Further south, near Gebel Zergat Naam, much more decided evidences of folding, and even of dislocation, were met with. The head of the Wadi el Kreim, south-west of Zergat Naam (see the geological map on [Plate XX]) is probably a line of fault, for here on the south-west of the wadi we have sandstones coming right down to the wadi floor, with a dip of 30° to the south-west near the edge, becoming flatter the further we go from the wadi, while on the other side are crushed and brecciated schists. Going further west, in the sandstone hill-mass which lies twelve kilometres west of Zergat Naam, the dip of the beds is in the opposite direction, being 10° to 15° north-east, and granite appears at the foot of the steep west-south-west slope; this, with the preceding observation, seems to indicate a synclinal fold terminated near Zergat Naam by a fault up-thrusting the schists and syenite.

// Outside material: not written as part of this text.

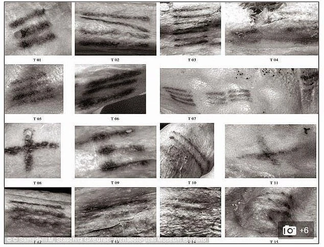 Những hình xăm trên xác ướp Otzi. Ảnh: Bolzano Museum

Where the Wadi Garara cuts through the sandstone hills to receive the Wadi el Kreim, the beds dip markedly to the south, the observed inclinations being 60° or more at the north edges, rapidly falling to 20° or less further south; the north faces show granite and schists at their base.

Further west, on the way to Gebel Um Harba, the sandstone of the hills showed dips to the east of 15°. At Gebel Um Harba itself there are thick beds of sandstone dipping 13° east-north-east, while all around the mountain one looks out over beds having approximately the same inclination.

At Gebel Um Khafur, the dip is 13° to 14° to the north-north-east, and is very constant over a large area. From the north side, where the plain is 380 metres above sea-level, the hills rise with a succession of dip slopes and basset-edges over a horizontal distance of 2·9 kilometres (measured perpendicular to the strike) to the triangulation beacon at 560 metres above sea, the beds all along dipping at 13° or 14°. Unless there is step-faulting here along the strike-wadis (see [Fig. 60]) the total thickness of Nubian sandstone here is over 450 metres. This is a much greater thickness than has been noted anywhere else in Egypt, and I am inclined to think that there is step-faulting along at least two of the strike wadis which separate the hill-mass into ridges.

Fig. 60.—Section of Sandstone at Gebel Um Khafur.

In approaching Gebel Awamtib from the north-west, I crossed over a small patch of diorite in the sandstone at the pass from Wadi Um Terbi into Wadi Awamtib, and a basic dyke was found cutting the sandstone of a spur of Gebel Awamtib. The beds of Awamtib itself dip pretty uniformly a little north of west.

Fig. 61.—Sketch section of junction of sandstone with granite, west of Gebel Um Keit.

About nine kilometres to the south of Gebel Awamtib, a station was taken on a sandstone headland with schists and quartz veins at its floor, and afterwards I skirted the limit between sandstone and granitic rocks on the way to Gebel Um Reit. All along this route there was no suggestion of sharp folding or faulting; the beds were nearly horizontal right up to the limit, where the granite hills rise suddenly (see [Fig. 61]).